Superparamagnetic response of Fe-coated W tips in spin-polarized scanning tunneling microscopy

We performed spin-polarized scanning tunneling spectroscopy on biatomic-layer-high Co nanoislands grown on Cu(111) in magnetic fields oriented normal to the sample surface, with Fe-coated W tips. Increasing the temperature from 10 to 30 K, we observe a reduced slope of the differential conductance around zero field. A quantitative analysis of the field- and temperature-dependent differential conductance data in the framework of superparamagnetism as described by a Langevin function gives an excellent description of the experimental results. The analysis suggests that a Fe nano-apex at the W tip, which is composed of 220-300 Fe atoms, determines the magnetic response of the tip.
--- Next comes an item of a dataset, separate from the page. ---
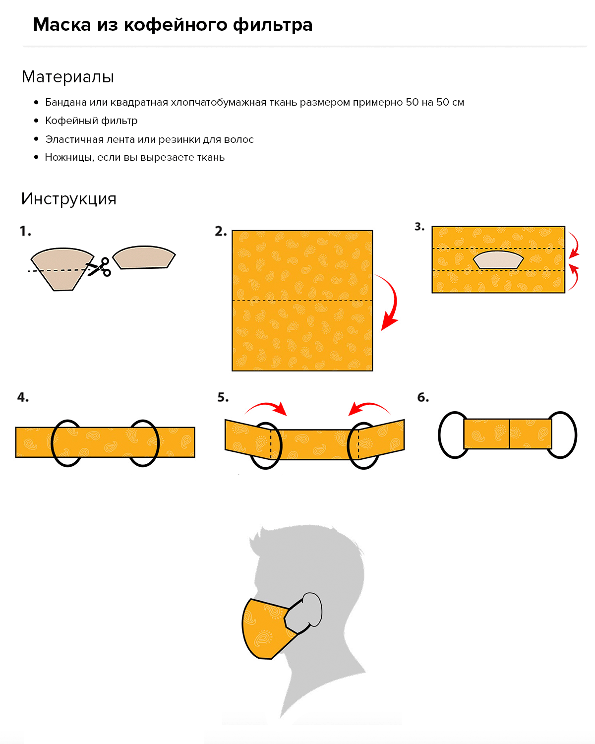 - Сложите бандану или кусок ткани
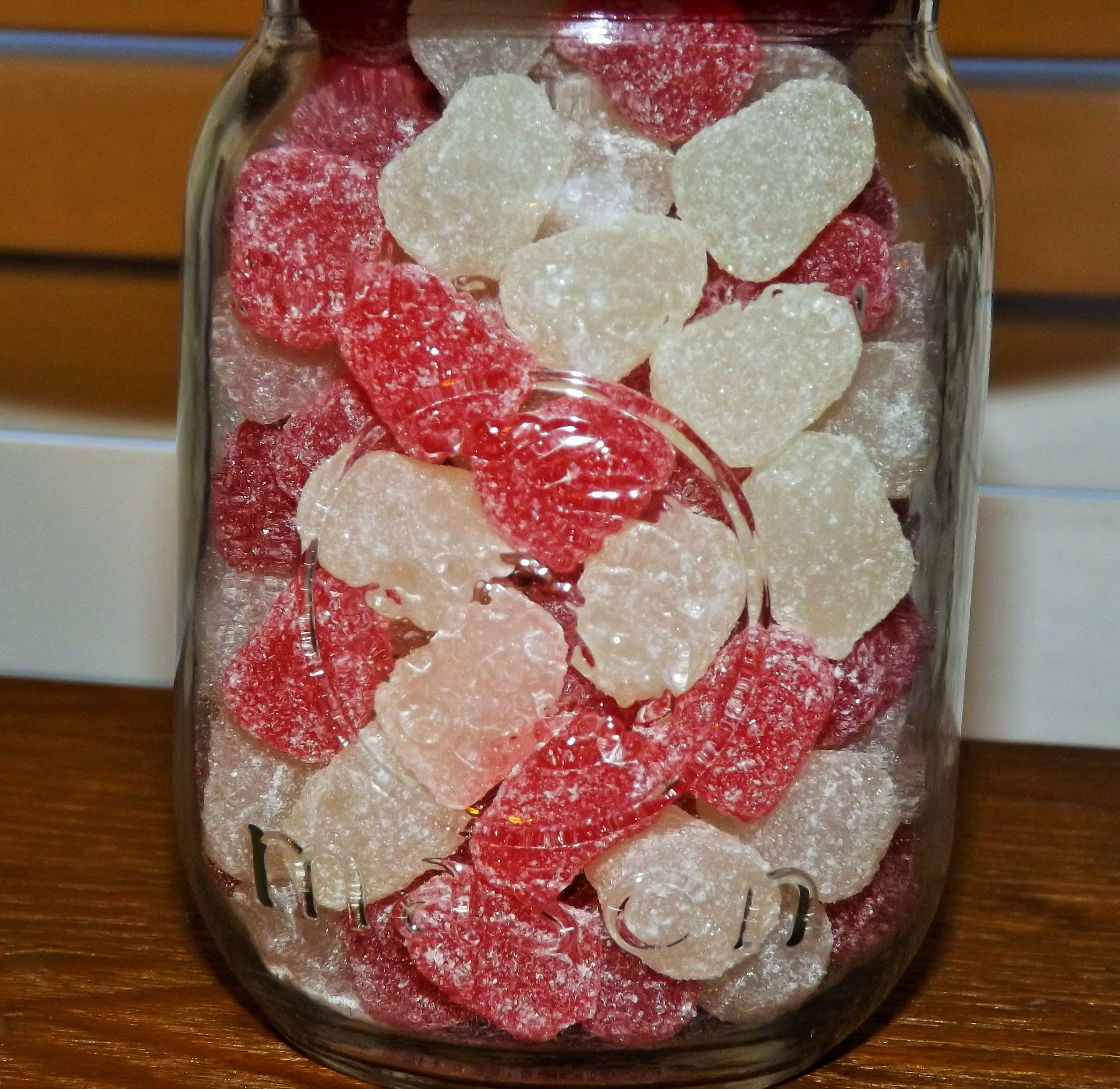 I wanted to share this idea with anyone who wanted to make a unique Valentine’s gift for loved ones or find a fun way to decorate for Valentine’s Day. I think mason jars are a great way to display candy and other items. I loved pairing the jar with the lamp shade.

The impact of structural relaxation on spin polarization and magnetization reversal of individual nano structures studied by spin-polarized scanning tunneling microscopy

The application of low temperature spin-polarized scanning tunneling microscopy and spectroscopy in magnetic fields for the quantitative characterization of spin polarization, magnetization reversal and magnetic anisotropy of individual nano structures is reviewed. We find that structural relaxation, spin polarization and magnetic anisotropy vary on the nm scale near the border of a bilayer Co island on Cu(1 1 1). This relaxation is lifted by perimetric decoration with Fe. We discuss the role of spatial variations of the spin-dependent electronic properties within and at the edge of a single nano structure for its magnetic properties.

Switching Fields of Individual Co Nanoislands

We explore the magnetization reversal process of individual Co nanoislands grown on Cu(111) by low temperature spin-polarized scanning tunneling microscopy (spin-STM) and spectroscopy (spin-STS). We measure hysteresis loops of the differential conductance of single Co islands in magnetic fields of up to 4 T. From such hysteresis loops we extract the magnetic switching field of single Co islands as a function of island size. Tentatively we analyze the size dependence of the switching field using the venerable model of thermally assisted coherent magnetization reversal. We present evidence for the failure of that model to explain our experimental results. We propose that the magnetization reversal process within individual Co nanoislands on Cu(111) is a non-coherent process.